In 1944, during World War II, he was one of the few meteorologists who accurately identified Typhoon Cobra, which savaged Halsey's Third Fleet.

Bryson was made a Global Laureate by the United Nations Global Environment Program in 1990.

==Views==

Bryson's main contribution to the debate on climate change was the idea of "the human volcano" causing global cooling, via an increase in aerosol loading. This idea was sparked in 1962 by his own observation, while flying across India en route to a conference, that his view of the ground was blocked not by clouds but by dust. At the time, the instrumental temperature record did not show unambiguous warming and the view that the earth might be cooling, and heading for further cooling, was not unreasonable. Others, including Hubert Lamb, who created a Dust Veil Index, thought volcanoes were more responsible for global-scale aerosol.

In 1973, Bryson testified to Congress that global warming from fossil-fuel combustion was politically unstoppable.
There is no way right now that we can control the climate to make it more benign. Even if we were to say "let us stop using fossil fuels so that we do not add carbon dioxide to the atmosphere, because that impacts the world climate," how on earth could you stop using fossil fuels?
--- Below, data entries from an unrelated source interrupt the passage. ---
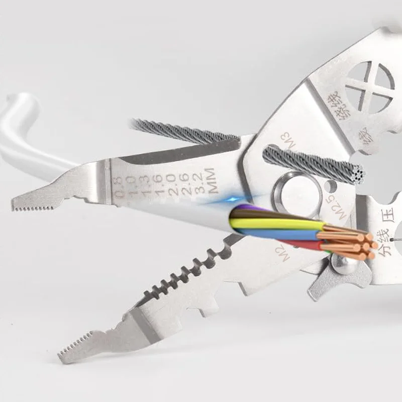 Durable Construction: Crafted from hardened and forged high-quality steel, the wire stripper boasts superior durability and resilience. Its hardened cutting edges ensure sharp and precise cuts, allowing you to effortlessly cut through copper wires, aluminum wires, plastics, and more.
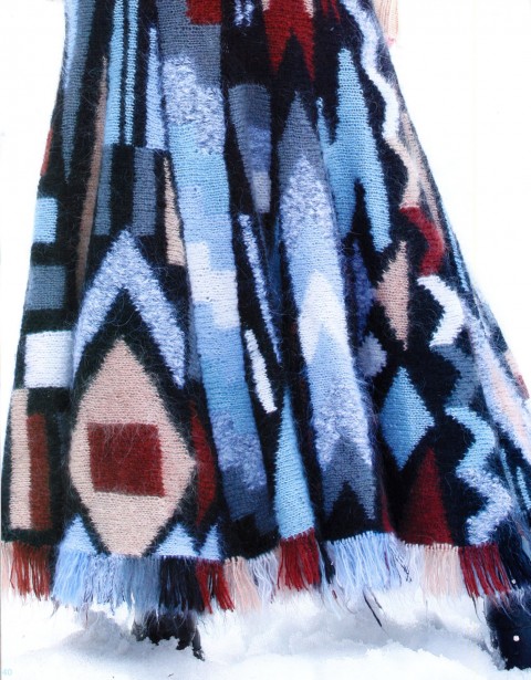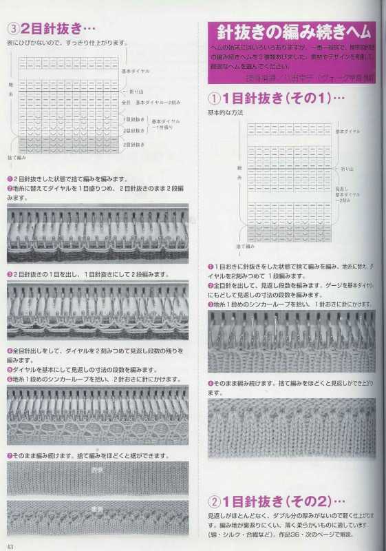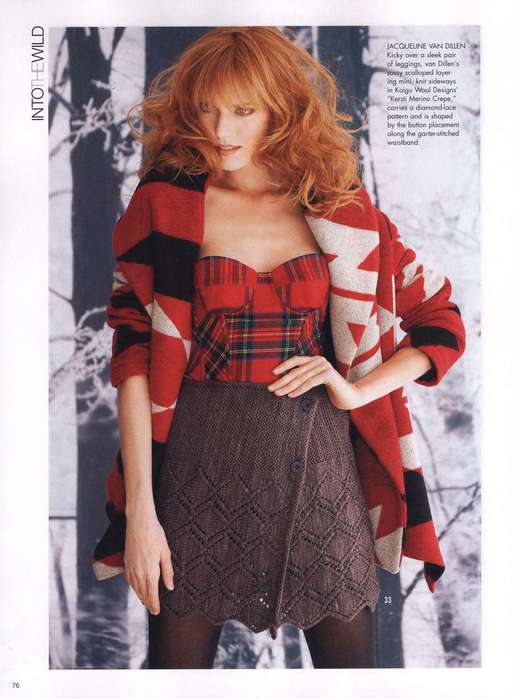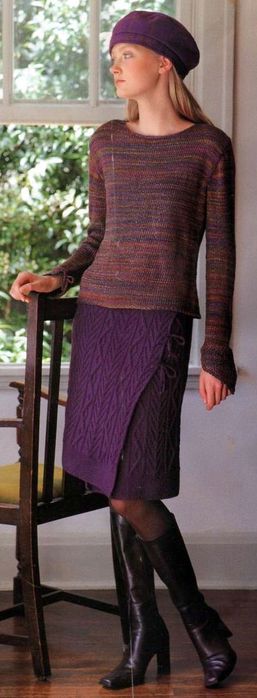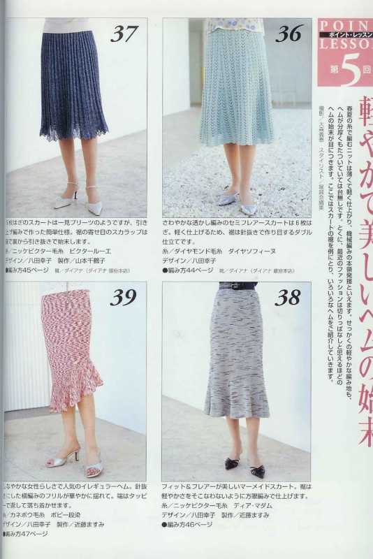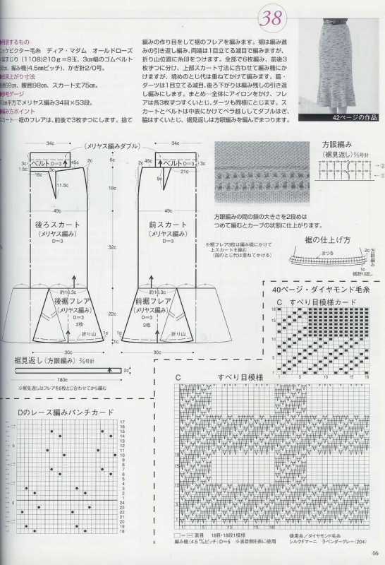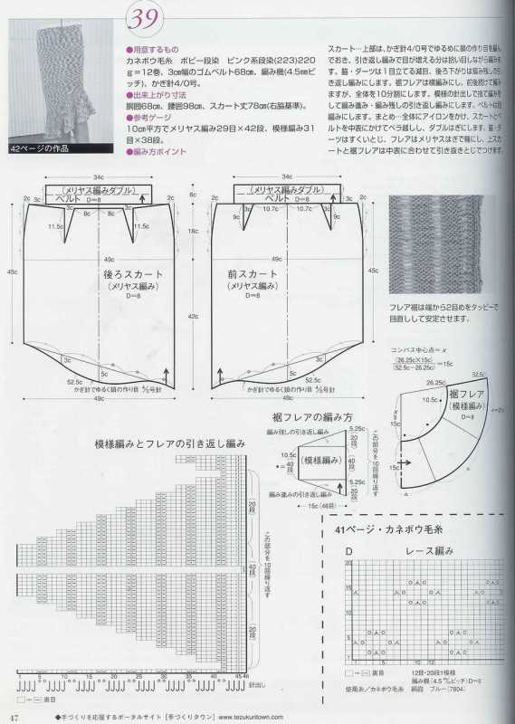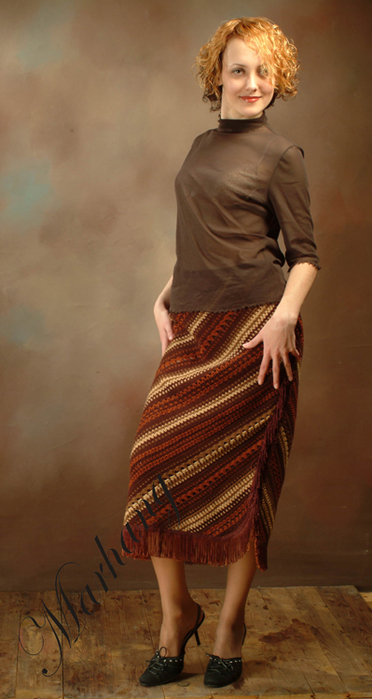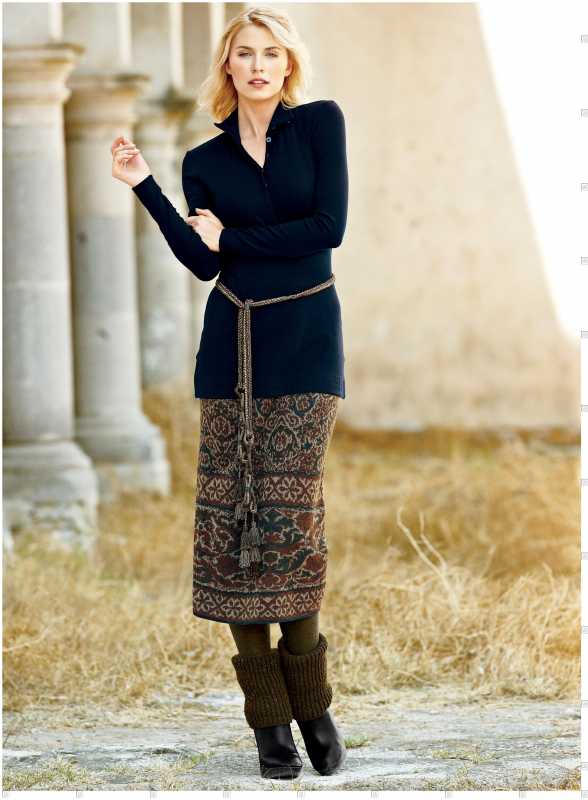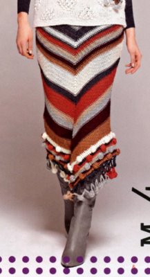 Поперечно-вязаные расклешенные юбки можно украсить, вывязав орнамент или фанговый узор по центру клина, можно расширения клина вязать отделочным цветом, по низу юбки можно вывязать кайму ажурным или мережково-фанговым узором и т.д. Низ юбки можно обвязать крючком или в процессе вязания выполнять утолщенную "косичку", тогда не требуется дополнительного уплотнения края.
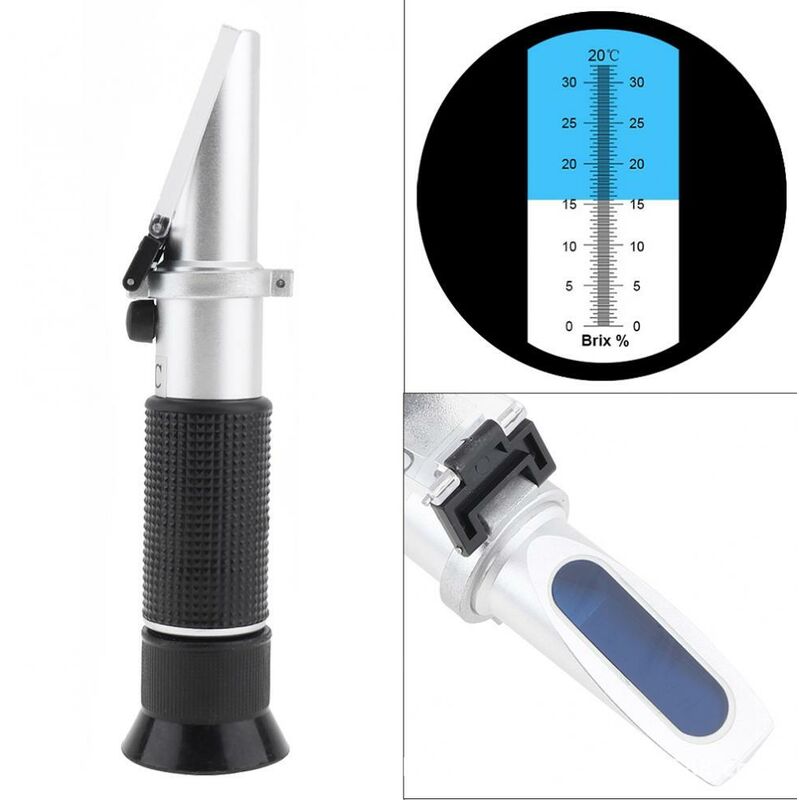 Utilizzo: È adatto per misurare miele, discorso, verdure, latte condensato e oli vegetali, dolci (sciroppi), marmellate di frutta, melassa e la concentrazione di bevande, zuppe.< /p> Campo di misura: 0-32% Brix (contenuto di zucchero), risoluzione: 0,2% Brix (contenuto di zucchero). Compensazione automatica della temperatura (10°C~30°C) e vite di calibrazione (calibrazione "0"). Facile da usare. Posizionare 2, 3 gocce di campione sul prisma principale, chiudere la piastra e guardare attraverso la finestra per leggere il valore Brix. Misurazione di precisione: linea di separazione netta (blu/bianca ), buona leggibilità (visibile alla luce del giorno), oculare regolabile per la regolazione della nitidezza. Calibrazione: calibrazione zero con acqua distillata a 20°C, compensazione automatica della temperatura tra 10°C e 30°C (ATC).
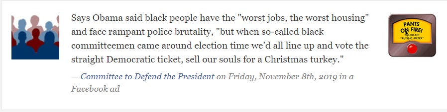 "The pro-Trump ad uses the passage to create the impression that Obama believed that black voters, ignored and suffering, sold their soul to the Democrats at election time. But the actual book passage is about the good things that come from voting," PolitiFact wrote.

Even those countries that are most heavily impacted by the climatic change are the ones who say it is our turn to be affluent and it is in the use of fossil fuels that one gains affluence.

In later years, when it was clear that the climate was indeed warming, Bryson argued that while climate change and a global increase in temperature are real, he did not believe that they are caused by human activity. Rather, he argued that they are part of natural global climate cycles, particularly the end of the Little Ice Age:

"All this argument is the temperature going up or not, it’s absurd," Bryson continues. "Of course it’s going up. It has gone up since the early 1800s, before the Industrial Revolution, because we’re coming out of the Little Ice Age, not because we’re putting more carbon dioxide into the air."

==Selected publications==

Bryson wrote more than 230 articles and five books, including Climates of Hunger, which won the Banta Medal for Literary Achievement.

===Books===
- R. A. Bryson, Airmasses, Streamlines, and the Boreal Forest 1966: Department of Mines and Technical Surveys, Geography Branch
- Bryson, R.A. (1974). "Climates of North America"
- Bryson, Reid A. (1977). "Climates of Hunger: Mankind and the World's Changing Weather"

===Selected articles===

- Bryson, R. A. (1966). "Air masses, streamlines, and the boreal forest"
- Bryson, R. A. (1974). "A Perspective on Climatic Change"
- Bryson, R. A. (1980). "Volcanic Activity and Climatic Changes"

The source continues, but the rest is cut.